* [WORK INSTRUCTION]
Write out the listing below without alteration, omitting its pictures.
##### GIVEN MATERIAL #####
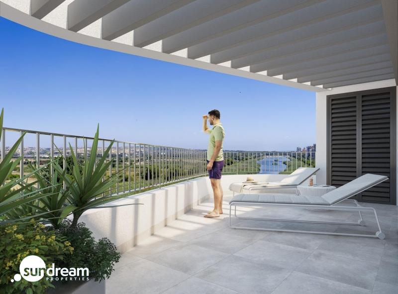 Ático en venta obra nueva con garaje en Guardamar. Ático en venta obra nueva con garaje en Guardamar: vistas, diseño y exclusividad en la Costa Blanca. La Costa Blanca continúa consolidándose como uno de los destinos más atractivos para adquirir vivienda de obra nueva, y el ático que presenta hoy Sundream Properties en Guardamar del Segura reúne todos los elementos que buscan tanto los compradores nacionales como internacionales: ubicación, exclusividad, servicios, diseño contemporáneo y plaza de garaje incluida. Situado en un exclusivo edificio de solo nueve viviendas, este ático de 3 dormitorios y dos baños destaca por su terraza privada y un amplio solárium de 78 m², desde el que se disfrutan unas impresionantes vistas abiertas al río Segura y a la Vega Baja. Se trata de una opción ideal para quienes desean una residencia luminosa, moderna y en una zona en plena expansión, a menos de 1,5 km del mar.
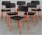 Lotto di sei sedie in tubolare metallico smaltato arancio con seduta in multistrato e laminato nero. Italia, anni 70 (h cm 77) (difetti)
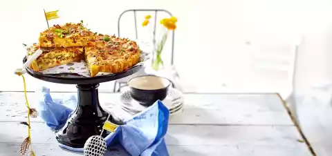 Wash the marjoram, shake dry, pluck the leaves from the stalks. Remove the quiche from the oven and let it rest for about 10 minutes. Carefully remove the quiche from the mould and arrange on a plate, sprinkled with marjoram.
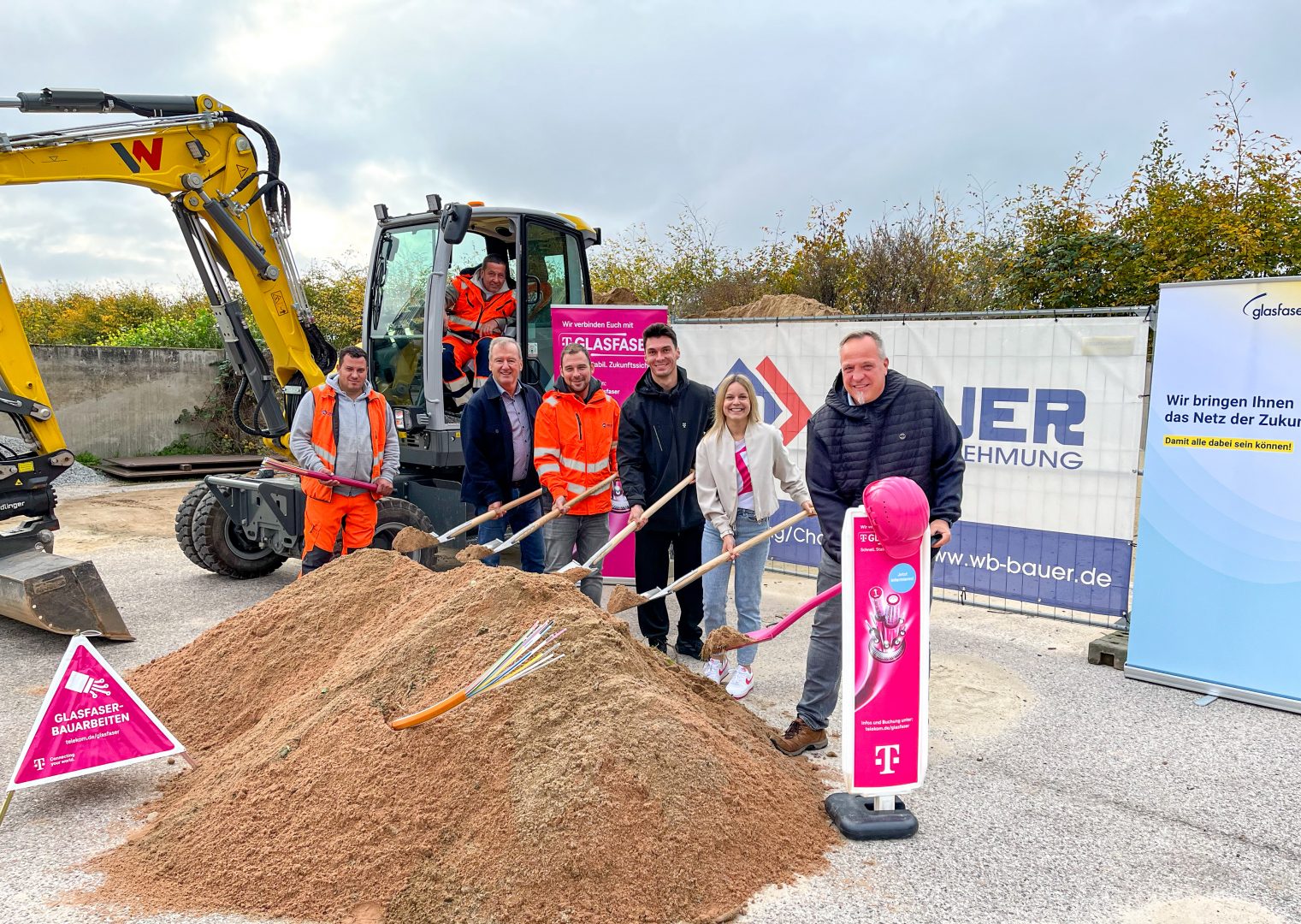 Isache Ionut (Bauarbeiter Walter Bauer GmbH & Co. KG), Pavel Cristinel Copcea (Bauarbeiter Walter Bauer GmbH & Co. KG), Walter Bauer (Geschäftsführung Walter Bauer GmbH & Co. KG), Andreas Kienast (Bauleitung Walter Bauer GmbH & Co. KG), David Mai (Baubegleitung Telekom), Sonja Korn (Kommunalberaterin Glasfaser Telekom), Christoph Schmoll (1. Bürgermeister)
#####
* [RESULT OF THIS EXERCISE]
 Ático en venta obra nueva con garaje en Guardamar. Ático en venta obra nueva con garaje en Guardamar: vistas, diseño y exclusividad en la Costa Blanca. La Costa Blanca continúa consolidándose como uno de los destinos más atractivos para adquirir vivienda de obra nueva, y el ático que presenta hoy Sundream Properties en Guardamar del Segura reúne todos los elementos que buscan tanto los compradores nacionales como internacionales: ubicación, exclusividad, servicios, diseño contemporáneo y plaza de garaje incluida. Situado en un exclusivo edificio de solo nueve viviendas, este ático de 3 dormitorios y dos baños destaca por su terraza privada y un amplio solárium de 78 m², desde el que se disfrutan unas impresionantes vistas abiertas al río Segura y a la Vega Baja. Se trata de una opción ideal para quienes desean una residencia luminosa, moderna y en una zona en plena expansión, a menos de 1,5 km del mar.
 Lotto di sei sedie in tubolare metallico smaltato arancio con seduta in multistrato e laminato nero. Italia, anni 70 (h cm 77) (difetti)
 Wash the marjoram, shake dry, pluck the leaves from the stalks. Remove the quiche from the oven and let it rest for about 10 minutes. Carefully remove the quiche from the mould and arrange on a plate, sprinkled with marjoram.
 Isache Ionut (Bauarbeiter Walter Bauer GmbH & Co. KG), Pavel Cristinel Copcea (Bauarbeiter Walter Bauer GmbH & Co. KG), Walter Bauer (Geschäftsführung Walter Bauer GmbH & Co. KG), Andreas Kienast (Bauleitung Walter Bauer GmbH & Co. KG), David Mai (Baubegleitung Telekom), Sonja Korn (Kommunalberaterin Glasfaser Telekom), Christoph Schmoll (1. Bürgermeister)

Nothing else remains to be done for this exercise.